[Stored records]
● ● ● ●
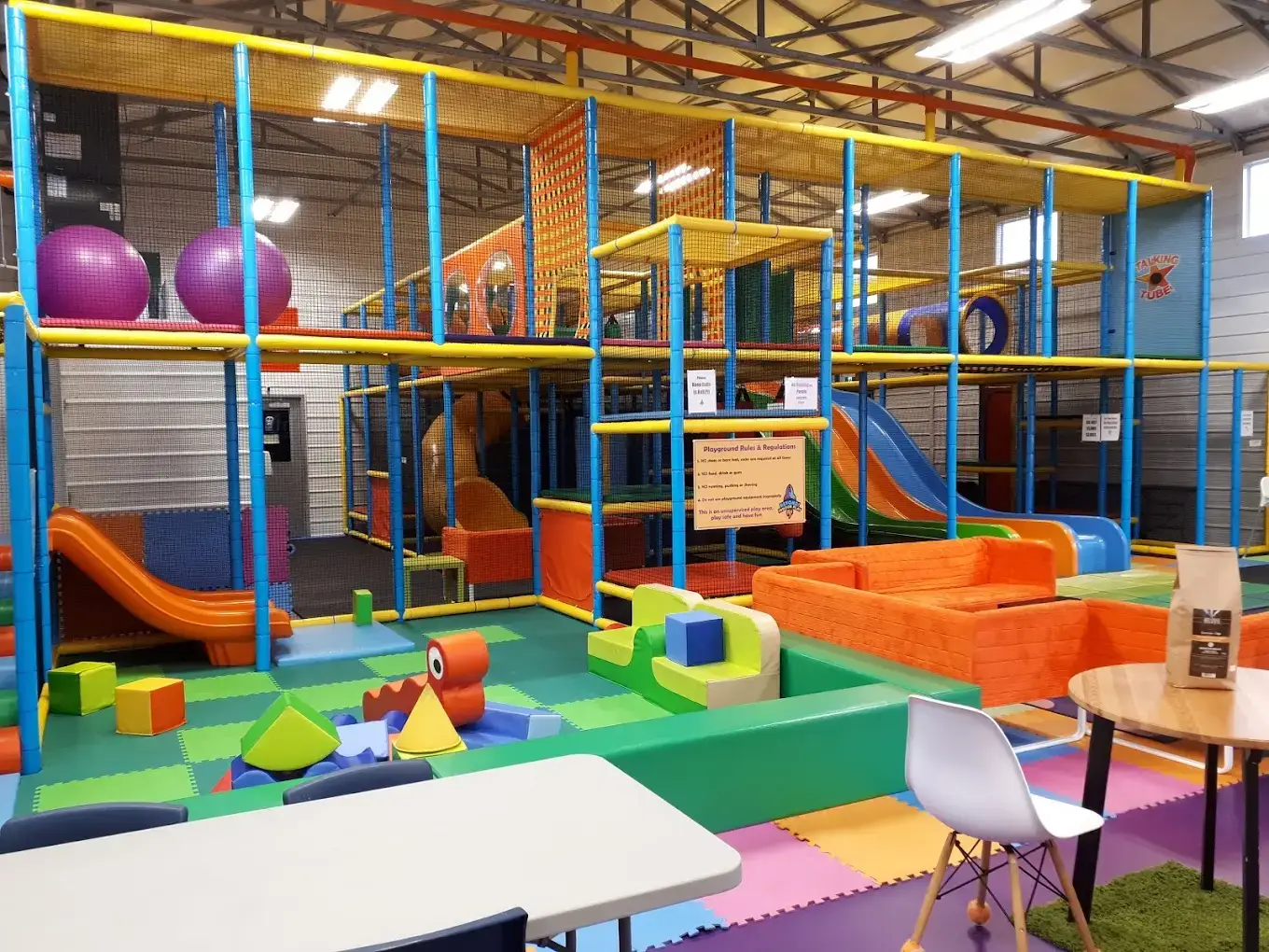 Multi-level Play Structure | Triple Wave Slides | Spiral Tube Slides | Padded Climbing Obstacles | Enclosed Crawl Tunnels | Dedicated Toddler Zone | Soft Play Foam Shapes | Interactive Activity Wall | Private Party Zone | Full Facility Rental Option | Parent Lounge Seating | Shoe Storage Cubbies | Secure Entry Gate | Change Tables
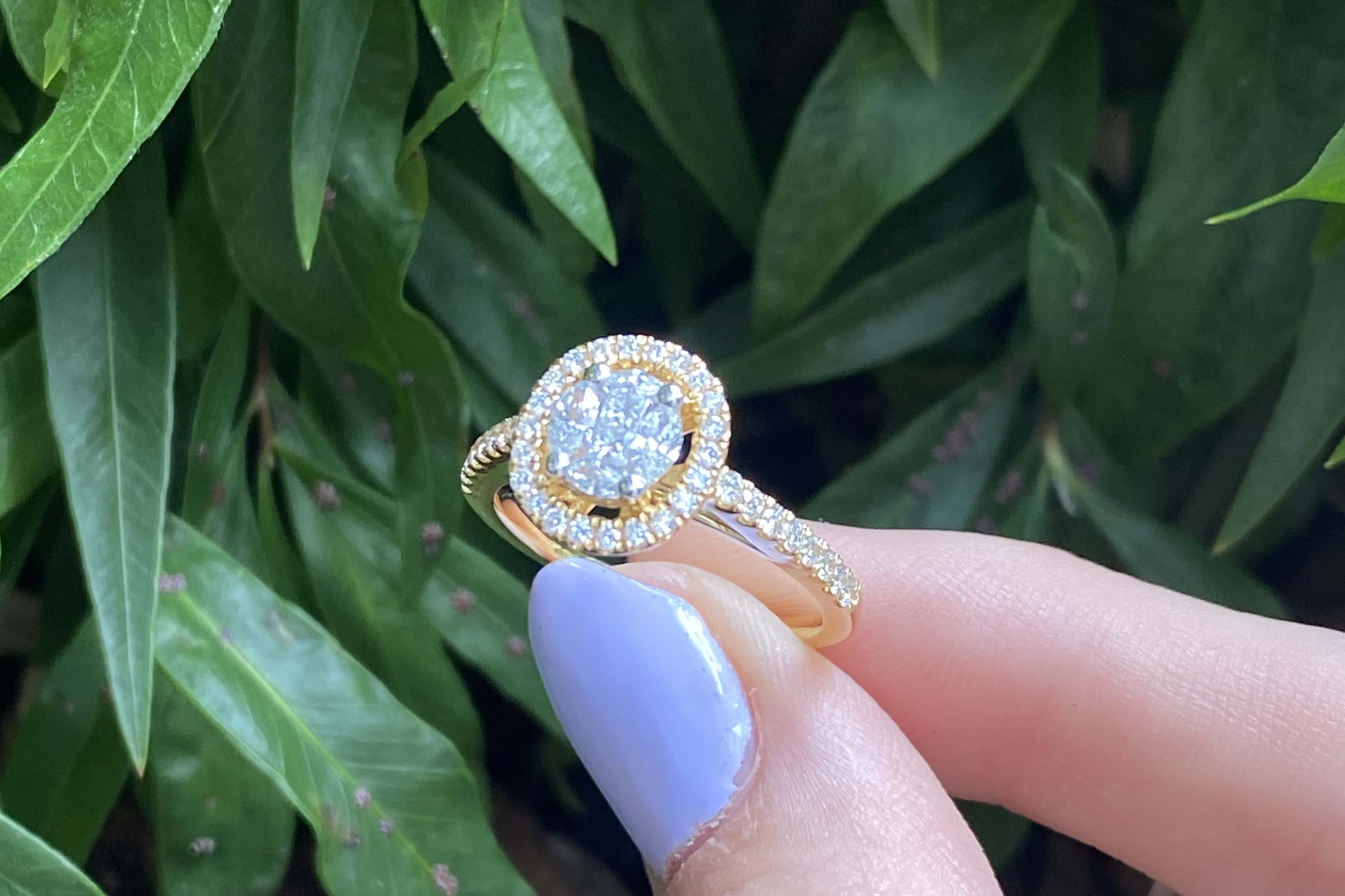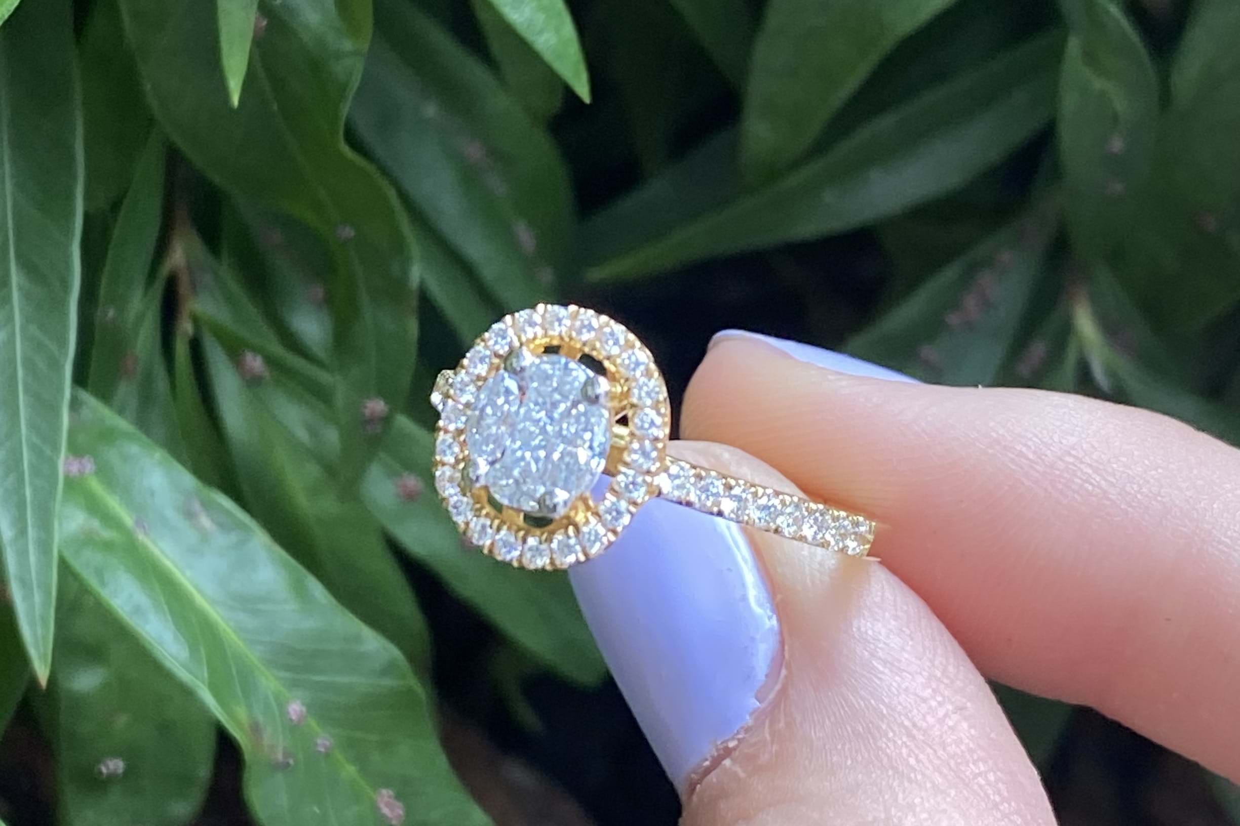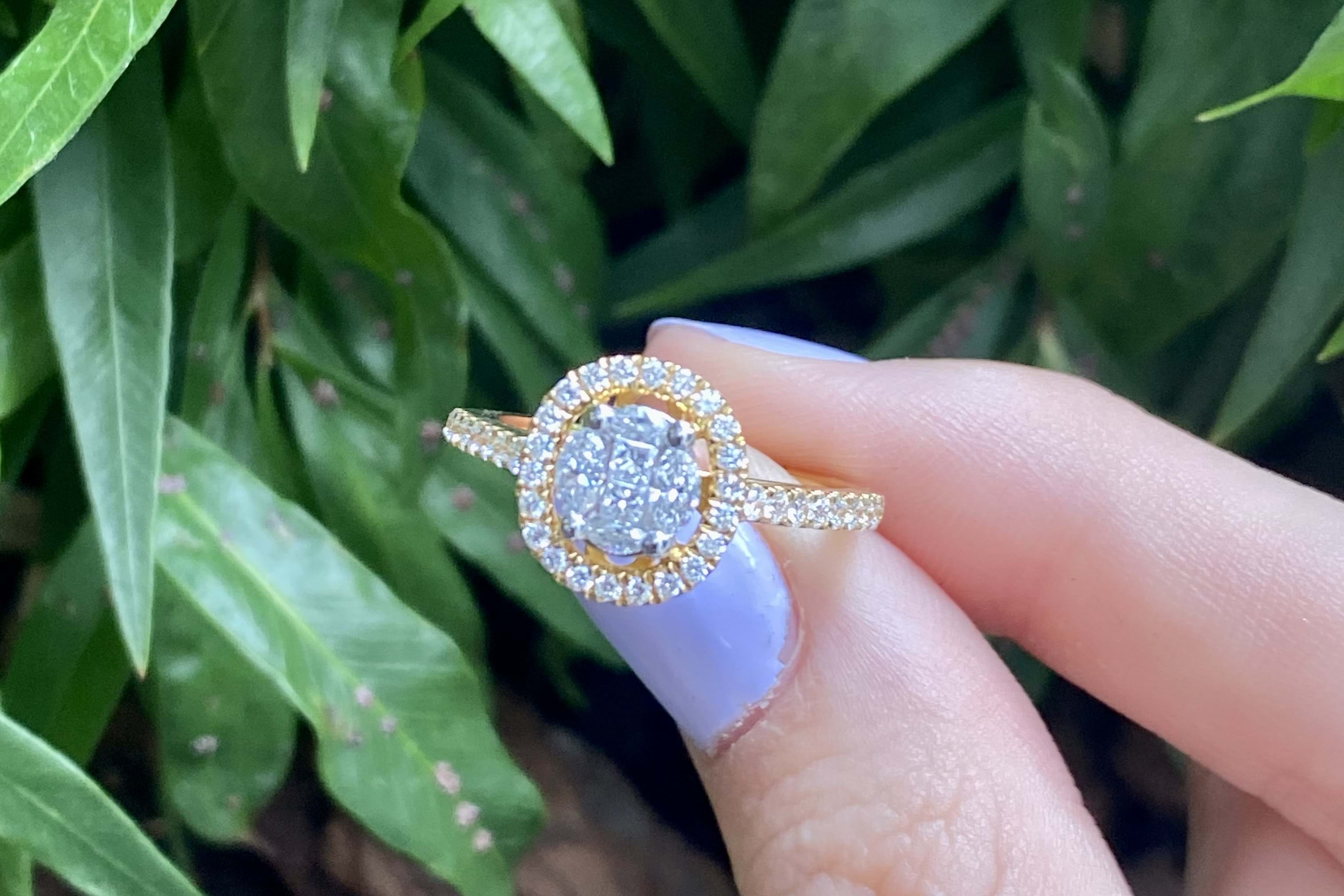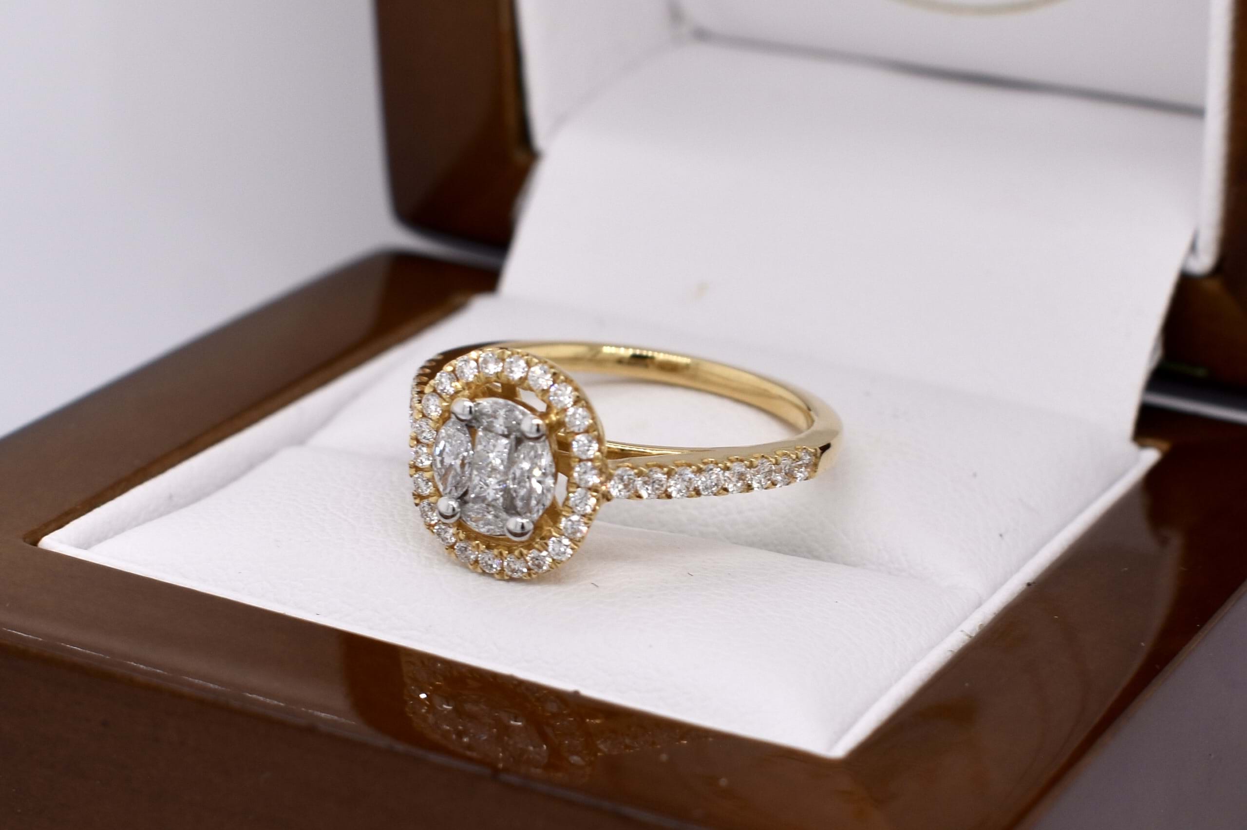 SOLD 18ct Yellow Gold 0.68ct Diamond Round Illusion & Halo Ring
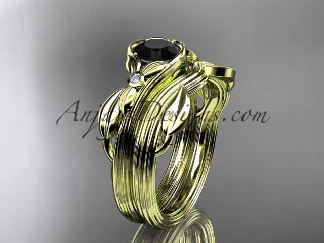 Unique 14kt yellow gold diamond floral engagement set with a Black Diamond center stone ADLR324S
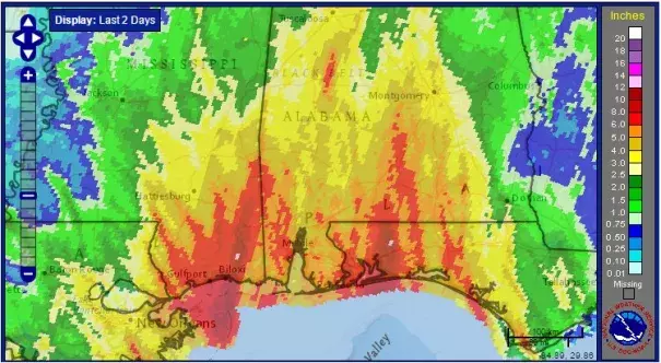Tweet: Cindy rainfall totals in previous 48 hours (June 22, 2017) by NWS WPC on Twitter Original TweetHere's a look at how much precip has fallen in the last 48 hours #mswx #alwx #flwx Go to Site
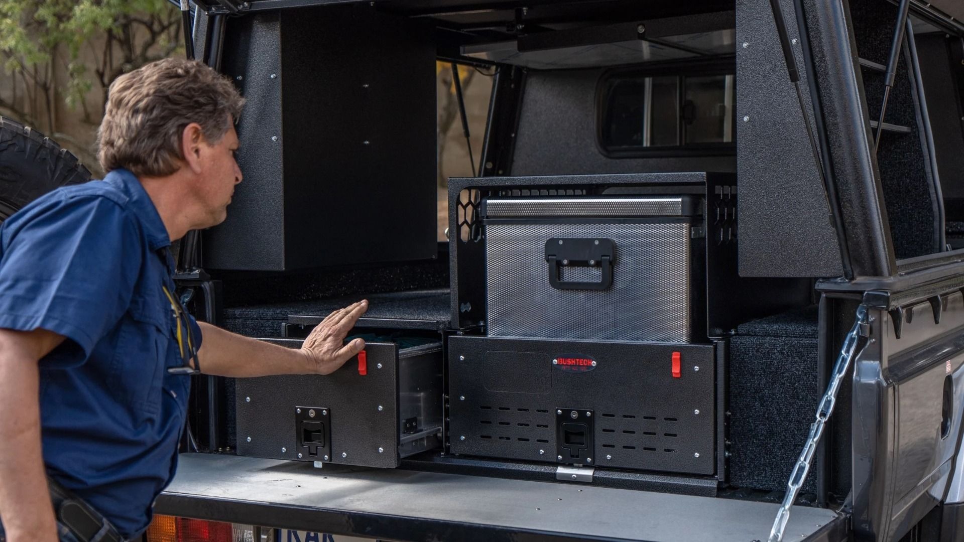 Dit betreft een van de enige ladekasten op de markt waarbij het mogelijk is de koelkast in de lade te plaatsen. De koelkast lade kan optioneel worden uitgerust met een kabelrups zodat de stroomkabels niet beschadigd raken wanneer de lade in en uit wordt geschoven. In samenwerking met koelkast fabrikanten heeft Bushtech voldoende ruimte en uitsparingen in de lade geplaatste voor de ventilatie van de koelkast. Het unieke modulaire systeem maak het mogelijk een plaat op de koelkastlade te plaatsen wanneer de koelkast verwijderd is, waardoor een compleet vlakke laadvloer (false floor) ontstaat.
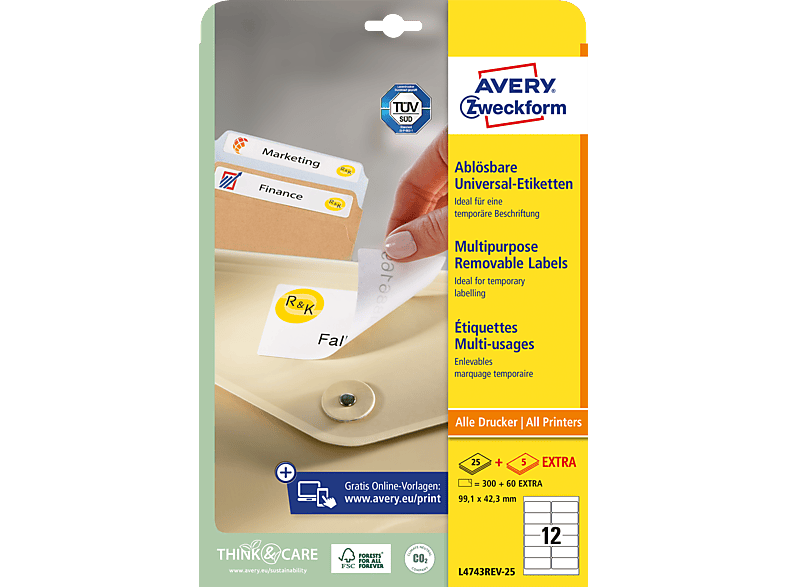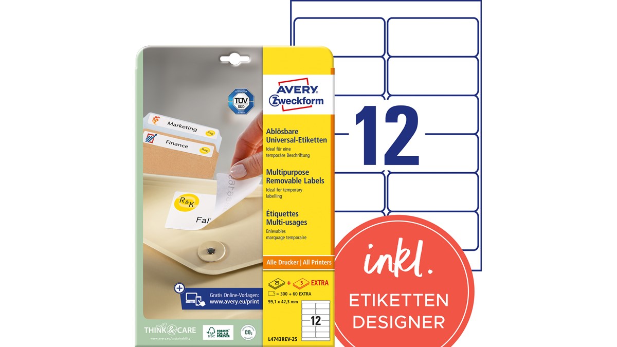 Diese AVERY Etiketten sind echt praktisch! 360 Stück im Format 99,1x42,3mm - das reicht für alle deine Beschriftungs-Projekte. Das Besondere: Sie sind wiederablösbar! Das heißt, du kannst sie sicher aufkleben und später rückstandslos wieder abziehen. Perfekt für temporäre Beschriftungen oder wenn sich mal was ändert. Mit dem kostenlosen Online-Designer von AVERY kannst du dir ganz easy individuelle Etiketten gestalten - ob mit Text, Logo oder Bildern. Die Etiketten sind TÜV-geprüft für Laserdrucker und laufen super durch ohne Kleberückstände. Aus FSC-zertifiziertem Papier und made in Germany - also auch noch umweltfreundlich. Ob für Ordnung im Büro, Beschriftung von Produkten oder Organisation zu Hause - diese Etiketten sind dein bester Helfer. Einfach ausdrucken, aufkleben und bei Bedarf wieder abziehen - praktischer geht's kaum!
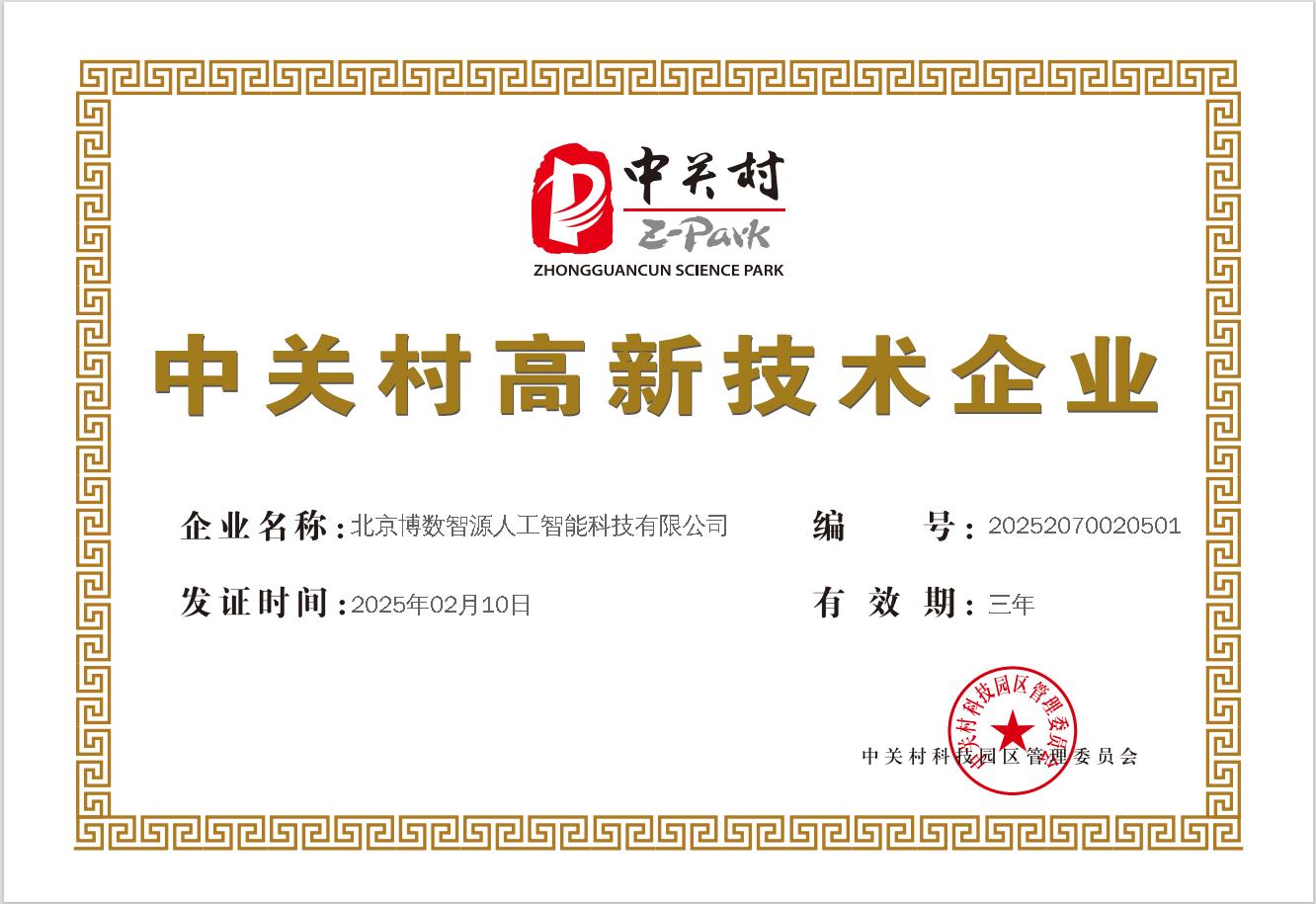獲得中關(guān)村高新技術(shù)企業(yè)
● ● ● ●
### Your objective
Word for word and without pictures, please write out only the lines from the start of the entries through the line containing "Unique 14kt yellow", both included.

### Written solution
 Multi-level Play Structure | Triple Wave Slides | Spiral Tube Slides | Padded Climbing Obstacles | Enclosed Crawl Tunnels | Dedicated Toddler Zone | Soft Play Foam Shapes | Interactive Activity Wall | Private Party Zone | Full Facility Rental Option | Parent Lounge Seating | Shoe Storage Cubbies | Secure Entry Gate | Change Tables
 SOLD 18ct Yellow Gold 0.68ct Diamond Round Illusion & Halo Ring
 Unique 14kt yellow gold diamond floral engagement set with a Black Diamond center stone ADLR324S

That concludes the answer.